▶ _WORK REQUEST_:
Beginning at the line that holds "朝ごはんは一階のレストランで", repeat every line through the last line of the material, exactly, and drop any pictures.

········

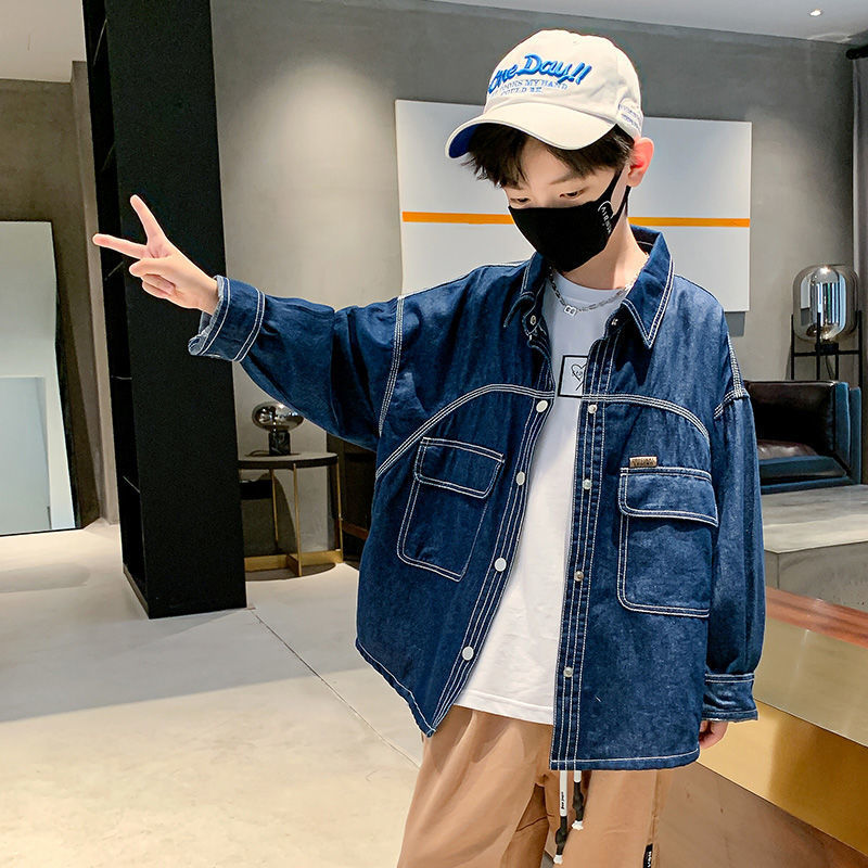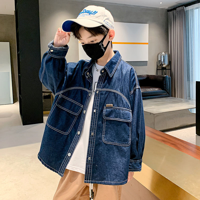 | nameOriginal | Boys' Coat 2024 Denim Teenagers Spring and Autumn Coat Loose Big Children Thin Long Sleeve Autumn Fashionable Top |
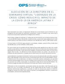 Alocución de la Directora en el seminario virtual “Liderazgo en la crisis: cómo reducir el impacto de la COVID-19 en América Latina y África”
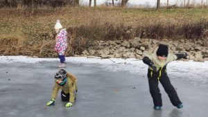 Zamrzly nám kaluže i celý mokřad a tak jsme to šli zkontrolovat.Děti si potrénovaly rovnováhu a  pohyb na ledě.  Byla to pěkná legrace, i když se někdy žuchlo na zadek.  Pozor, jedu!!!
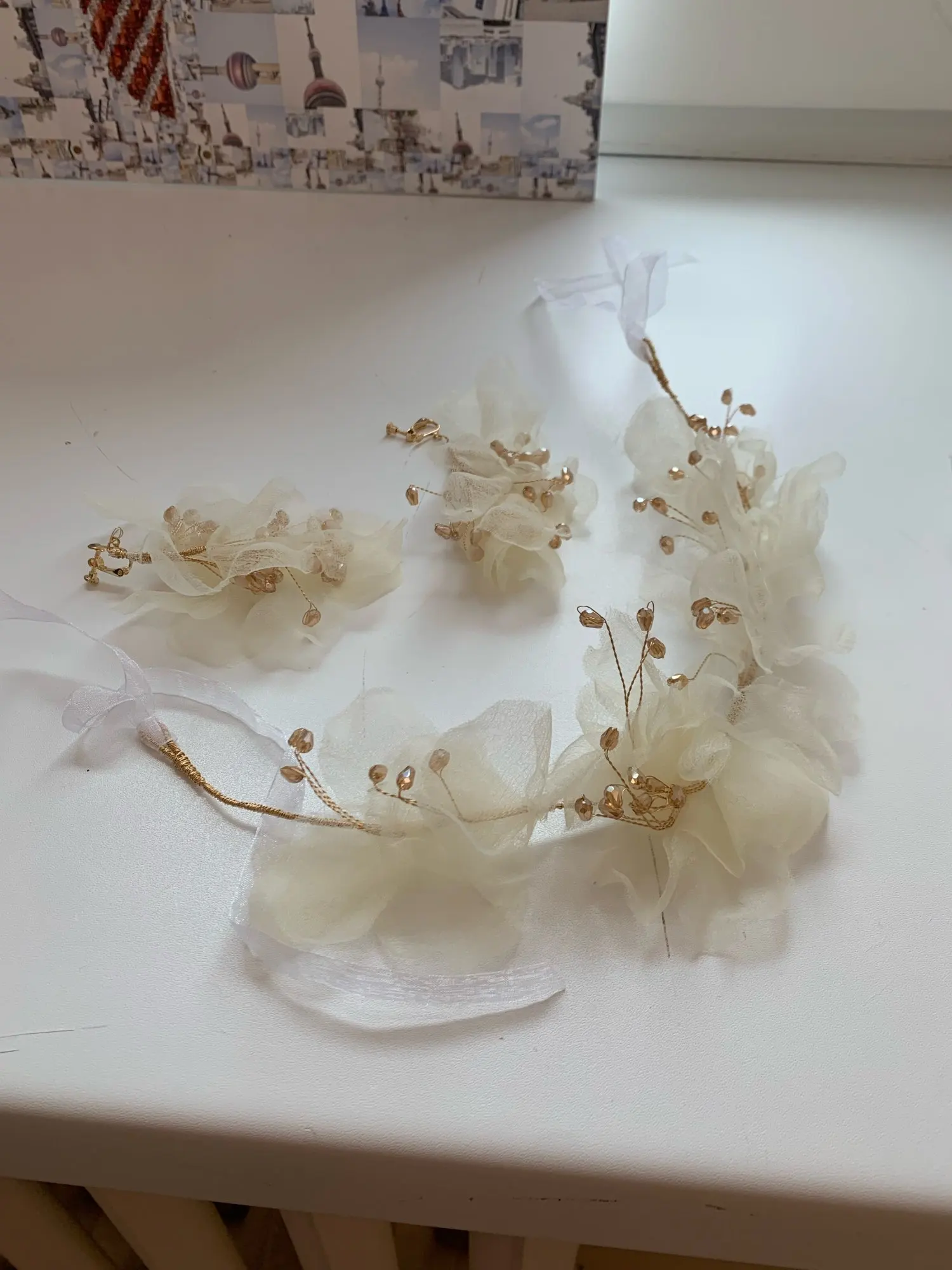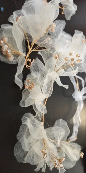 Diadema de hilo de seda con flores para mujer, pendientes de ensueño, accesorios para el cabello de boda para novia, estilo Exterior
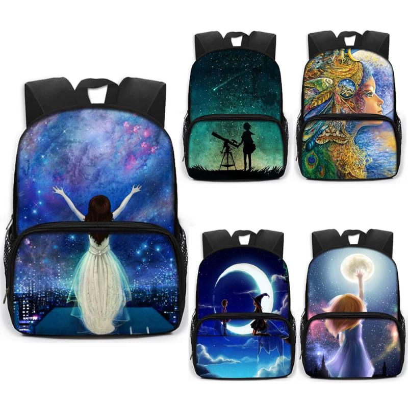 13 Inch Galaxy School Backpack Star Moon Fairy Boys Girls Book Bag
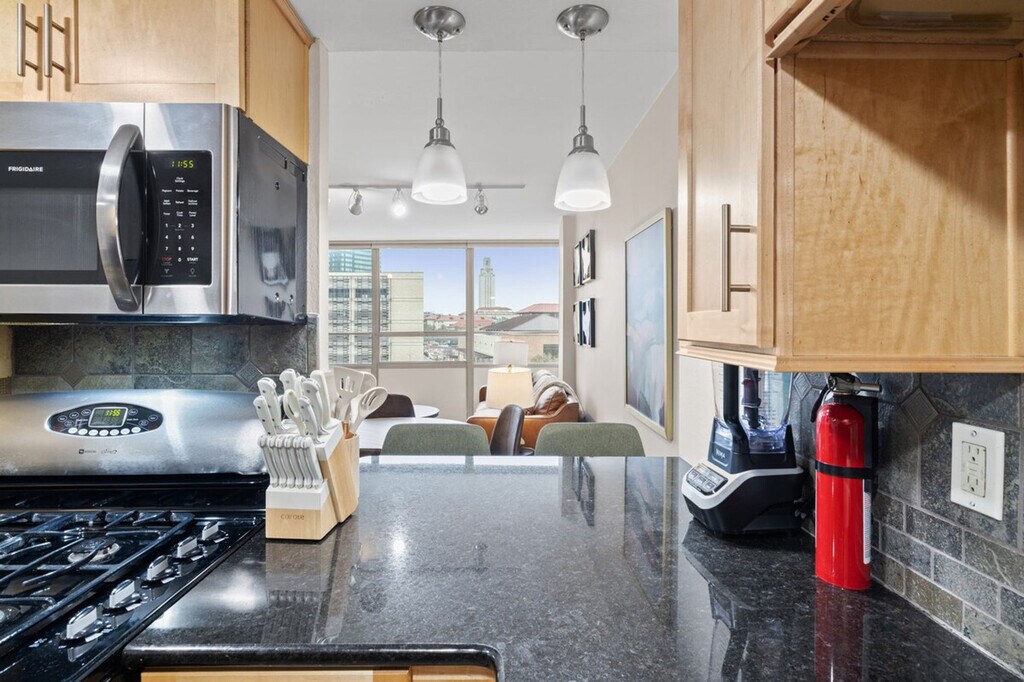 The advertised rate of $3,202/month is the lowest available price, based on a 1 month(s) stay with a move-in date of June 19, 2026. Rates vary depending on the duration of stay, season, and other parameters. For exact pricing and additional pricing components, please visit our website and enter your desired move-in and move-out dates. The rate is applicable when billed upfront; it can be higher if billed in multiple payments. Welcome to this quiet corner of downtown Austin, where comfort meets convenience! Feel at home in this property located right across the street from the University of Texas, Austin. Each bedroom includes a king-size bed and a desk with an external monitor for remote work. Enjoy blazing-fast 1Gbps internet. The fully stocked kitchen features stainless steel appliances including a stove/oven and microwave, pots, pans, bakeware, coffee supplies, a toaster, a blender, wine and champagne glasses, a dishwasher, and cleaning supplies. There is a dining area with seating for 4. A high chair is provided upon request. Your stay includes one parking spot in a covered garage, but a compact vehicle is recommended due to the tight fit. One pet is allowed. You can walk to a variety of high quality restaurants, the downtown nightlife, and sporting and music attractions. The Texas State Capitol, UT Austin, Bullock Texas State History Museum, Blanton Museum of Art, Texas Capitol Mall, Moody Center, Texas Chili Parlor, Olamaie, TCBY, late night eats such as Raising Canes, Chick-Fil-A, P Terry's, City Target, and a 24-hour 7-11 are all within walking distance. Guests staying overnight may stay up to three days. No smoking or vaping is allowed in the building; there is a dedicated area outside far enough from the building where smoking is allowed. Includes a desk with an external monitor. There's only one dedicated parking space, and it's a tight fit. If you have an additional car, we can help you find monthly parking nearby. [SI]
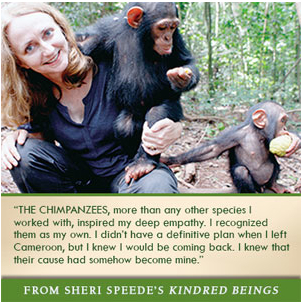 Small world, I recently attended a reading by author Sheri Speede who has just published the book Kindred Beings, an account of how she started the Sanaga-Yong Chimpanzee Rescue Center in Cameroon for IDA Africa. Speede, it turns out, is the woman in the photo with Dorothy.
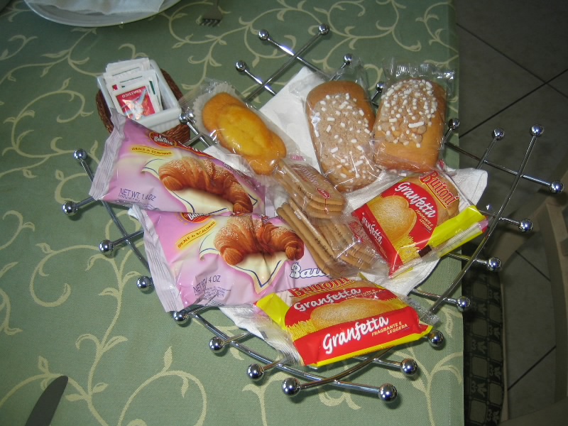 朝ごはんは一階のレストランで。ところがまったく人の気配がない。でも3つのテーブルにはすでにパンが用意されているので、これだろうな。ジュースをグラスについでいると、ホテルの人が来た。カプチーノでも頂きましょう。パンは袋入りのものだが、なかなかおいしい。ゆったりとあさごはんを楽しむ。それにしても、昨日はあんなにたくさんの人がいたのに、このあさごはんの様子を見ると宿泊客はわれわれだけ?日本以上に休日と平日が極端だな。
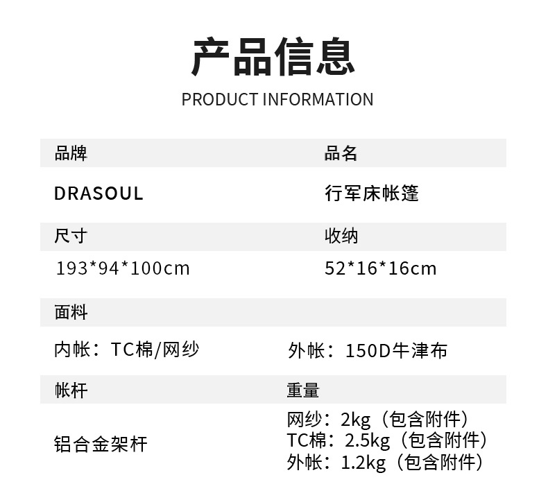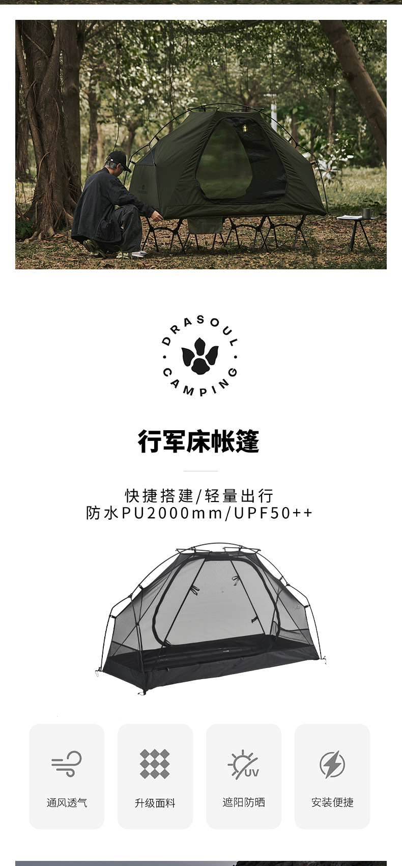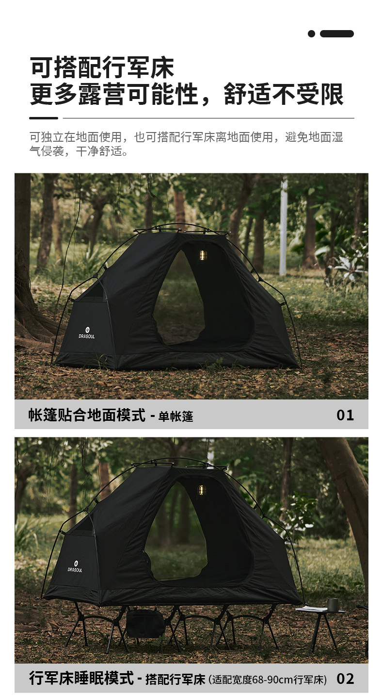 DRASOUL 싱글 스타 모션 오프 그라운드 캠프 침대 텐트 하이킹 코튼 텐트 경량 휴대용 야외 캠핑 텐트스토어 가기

········

▶ _EXERCISE RESPONSE_:
 朝ごはんは一階のレストランで。ところがまったく人の気配がない。でも3つのテーブルにはすでにパンが用意されているので、これだろうな。ジュースをグラスについでいると、ホテルの人が来た。カプチーノでも頂きましょう。パンは袋入りのものだが、なかなかおいしい。ゆったりとあさごはんを楽しむ。それにしても、昨日はあんなにたくさんの人がいたのに、このあさごはんの様子を見ると宿泊客はわれわれだけ?日本以上に休日と平日が極端だな。
 DRASOUL 싱글 스타 모션 오프 그라운드 캠프 침대 텐트 하이킹 코튼 텐트 경량 휴대용 야외 캠핑 텐트스토어 가기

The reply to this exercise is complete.